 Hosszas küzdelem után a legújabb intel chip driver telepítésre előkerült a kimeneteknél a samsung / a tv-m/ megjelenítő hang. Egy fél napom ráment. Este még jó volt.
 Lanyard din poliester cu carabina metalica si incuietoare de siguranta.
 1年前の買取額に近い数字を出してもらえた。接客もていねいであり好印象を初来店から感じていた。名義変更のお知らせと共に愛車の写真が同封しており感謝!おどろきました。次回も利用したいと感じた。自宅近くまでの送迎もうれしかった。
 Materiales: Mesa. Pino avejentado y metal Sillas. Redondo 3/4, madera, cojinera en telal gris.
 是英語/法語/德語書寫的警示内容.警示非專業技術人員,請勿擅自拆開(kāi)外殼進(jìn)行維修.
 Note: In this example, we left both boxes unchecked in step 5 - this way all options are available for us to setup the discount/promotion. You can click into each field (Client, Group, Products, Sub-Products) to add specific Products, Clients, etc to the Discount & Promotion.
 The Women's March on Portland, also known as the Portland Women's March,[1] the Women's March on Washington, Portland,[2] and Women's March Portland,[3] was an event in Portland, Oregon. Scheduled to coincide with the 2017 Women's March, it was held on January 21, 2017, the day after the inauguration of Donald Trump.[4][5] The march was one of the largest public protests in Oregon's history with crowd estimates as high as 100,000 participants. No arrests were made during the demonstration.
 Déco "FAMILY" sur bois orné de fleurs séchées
- - - - -
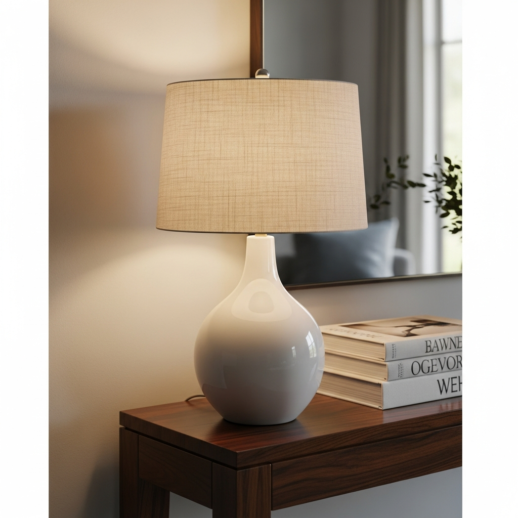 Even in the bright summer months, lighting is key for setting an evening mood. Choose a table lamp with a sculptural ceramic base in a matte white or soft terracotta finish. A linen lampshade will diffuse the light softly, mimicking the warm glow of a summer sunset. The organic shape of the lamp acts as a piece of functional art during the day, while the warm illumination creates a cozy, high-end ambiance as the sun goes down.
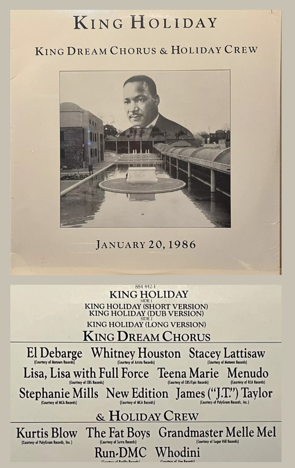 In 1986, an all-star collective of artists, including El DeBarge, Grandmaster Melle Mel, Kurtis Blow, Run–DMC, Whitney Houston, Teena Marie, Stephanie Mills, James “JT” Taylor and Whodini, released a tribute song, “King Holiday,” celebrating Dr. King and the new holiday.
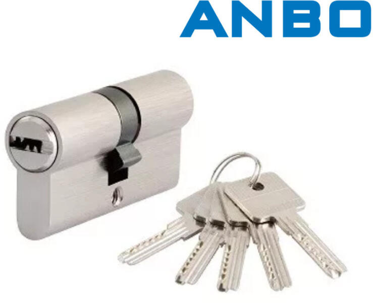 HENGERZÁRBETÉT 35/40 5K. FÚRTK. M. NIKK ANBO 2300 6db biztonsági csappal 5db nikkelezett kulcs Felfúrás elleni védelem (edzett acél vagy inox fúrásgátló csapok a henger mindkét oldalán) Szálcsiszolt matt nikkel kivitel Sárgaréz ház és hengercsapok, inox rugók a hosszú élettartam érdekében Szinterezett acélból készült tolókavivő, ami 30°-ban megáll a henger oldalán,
- - - - -
- _What is expected_
Out of the entries above, write out only the lines between the line holding "Lanyard din poliester" and the line holding "Note: In this", inclusive, each exactly as given.

- _Solved exercise_
 Lanyard din poliester cu carabina metalica si incuietoare de siguranta.
 1年前の買取額に近い数字を出してもらえた。接客もていねいであり好印象を初来店から感じていた。名義変更のお知らせと共に愛車の写真が同封しており感謝!おどろきました。次回も利用したいと感じた。自宅近くまでの送迎もうれしかった。
 Materiales: Mesa. Pino avejentado y metal Sillas. Redondo 3/4, madera, cojinera en telal gris.
 是英語/法語/德語書寫的警示内容.警示非專業技術人員,請勿擅自拆開(kāi)外殼進(jìn)行維修.
 Note: In this example, we left both boxes unchecked in step 5 - this way all options are available for us to setup the discount/promotion. You can click into each field (Client, Group, Products, Sub-Products) to add specific Products, Clients, etc to the Discount & Promotion.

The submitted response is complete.